The annual reports of the RBI for FY 2009-10 and FY 2010-11 clearly talked about introducing polymer notes on a “field trial” basis, in select locations. So much so that, under the then RBI Governor, Duvvuri Subbarao, the central bank even commissioned a study by engaging The Energy and Resources Institute on the “environmental impact” of cotton-based bank notes vis-à-vis the polymer-based alternative.

While inaugurating the Bank Note Paper Mill at Mysuru in March 2010, Subbarao had said: “Considering the relatively long life of polymer notes and their amenability to recycling, the ‘carbon footprint’ of polymer notes vis-à-vis paper ban notes is likely to be on the plus side. Regardless, this is one of the issues that we will study during the pilot phase, and will embark on (using) polymer notes on a long-term basis only if the cost-benefit calculus is decidedly positive in all dimensions.”

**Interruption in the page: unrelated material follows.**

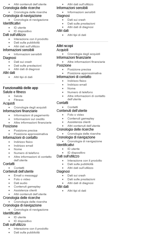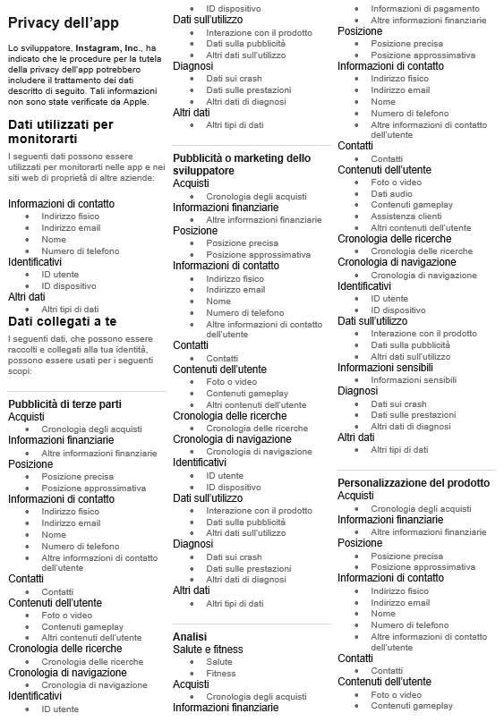 https://apps.apple.com/it/app/instagram/id389801252 , cercate il link “vedi Dettagli“ nella sezione Privacy dell’App.

In a written reply to the Rajya Sabha in March 2013, the then Minister of State for Finance, Namo Narain Meena, had disclosed that the “field trial” of polymer notes would be conducted in five cities — Kochi, Mysuru, Jaipur, Bhubaneswar and Shimla — identified on the basis of their geographic location and climatic diversity.

The RBI’s annual report for FY 2012-13 highlighted the relative advantages of polymer notes as cost effective, more secured and difficult to counterfeit. Then, the 2014-15 annual report mentioned that the request for proposal (RFP) for banknotes in the ₹10-denomination had been issued and its technical evaluation undertaken.

However, startlingly, owing to certain ‘technical infirmities’, the process of acquiring one billion pieces of banknotes could not be taken further. The central bank further stated that a committee was being constituted to evaluate means to elongate the life of bank notes.

The central bank, in its annual report for FY 2015-16, said that the project “field trial” of plastic notes in the denomination of ₹10 had been assigned to the Bharatiya Reserve Bank Note Mudran Private Ltd (BRBNMPL) and the government-owned Security Printing and Minting Corporation of India Ltd (SPMCIL).

While the fate of that project is unknown, owing to the RBI’s conspicuous silence over the issue in the annual reports for FY 2016-17 and 2017-18, the latest annual report (2018-19) lists the field trial of varnished banknotes in the denomination of ₹100, in order to increase the life of Indian banknotes, as an agenda for the year 2019-20.

What technical infirmities?

This begs the question, what were the technical infirmities that forced the RBI and the government to abandon a project which could have brought to India latest technology in currency printing?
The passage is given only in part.